Tobacco, big brands and industry
Sam Morse, portfolio manager for the Fidelity European Fund, mentions Swedish Match, producer of snuff, chewing tobacco, cigars, pipe tobacco, matches and lighters. As tobacco products are addictive, demand is largely independent of price.
“The primary driver of Swedish Match’s earnings is pricing, which remains strong due to the nature of the product and trend for industry consolidation, which is reducing competition,” says Morse. “As a result, cash generation is also strong, making for a strong ability to reward shareholders through dividends.”
Morse also highlights Nestle, the world’s largest food manufacturer with brands such as Kit Kat and Nescafe in its range, as a company with strong pricing power capable of growing earnings in times of higher inflation.
The luxury brand Burberry has a strong presence in China and other emerging markets where the rapidly growing middle class is increasing its desire for luxury goods. Aruna Karunathilake, portfolio manager for the Fidelity UK Aggressive Fund, thinks Burberry’s exclusive brand can pass on the effect of rising input costs to its customers via higher prices.

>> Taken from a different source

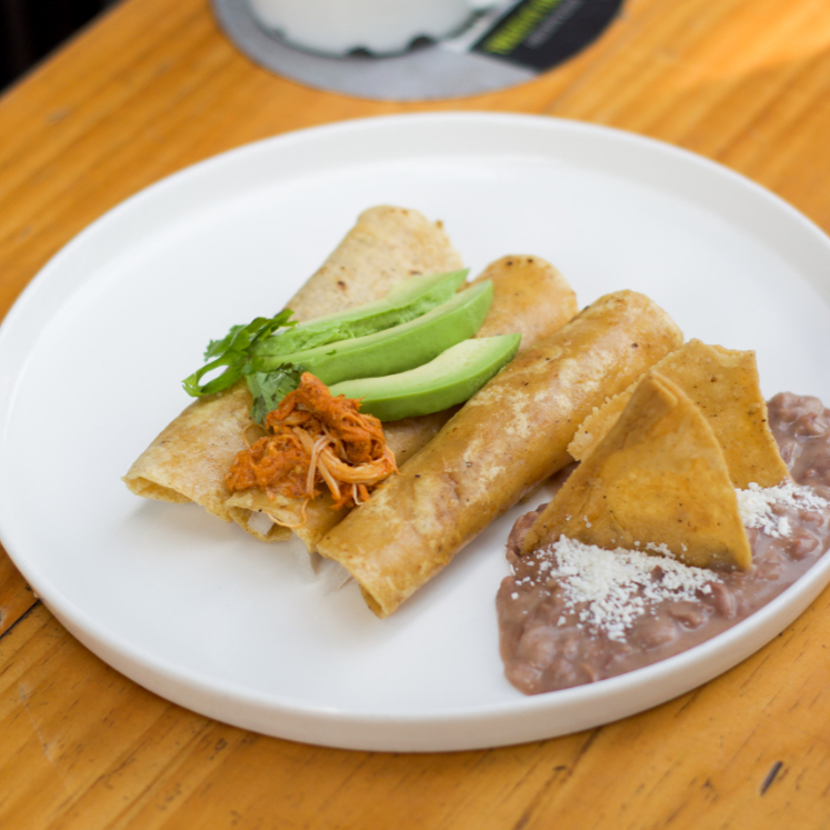 3 deliciosos tacos rellenos de cochinita, acompañados de aguacate, frijoles y chiles habaneros

Additionally, Karunathilake favours BG Group, an energy exploration and production company that focuses on gas and liquefied natural gas. Demand for liquefied natural gas is strong thanks to growth in emerging economies and bias against nuclear power after the catastrophe in Japan. “Commodity companies such as BG tend to do well in times of rising inflation as these real assets keep their value in times of monetary debasement,” says Karunathilake.

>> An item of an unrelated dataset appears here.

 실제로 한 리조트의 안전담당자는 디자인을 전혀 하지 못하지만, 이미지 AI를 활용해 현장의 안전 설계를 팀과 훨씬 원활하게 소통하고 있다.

Linde is a global engineering and industrial gases firm that builds chemical plants producing industrial gases and supplying a range of industrial, medical and specialty gases. Amit Lodha, portfolio manager for Fidelity’s Global Real Assets Fund, believes Linde is well positioned to capitalise on the dynamic trends in the emerging market economies and leverage the long-term trends of energy and climate change. “This is a company with pricing power as it has the ability to pass through higher costs through its contracts that it sets with its customers at different stages of the cycle,” says Lodha.
Finally, Lodha picks Iluka Resources, an Australian mining company that produces zircon and titanium, minerals used in a wide range of products, for example paints, plastics and tiles. The sector has had strong growth in demand and a supply deficit, which is thought to give Iluka leeway to raise prices.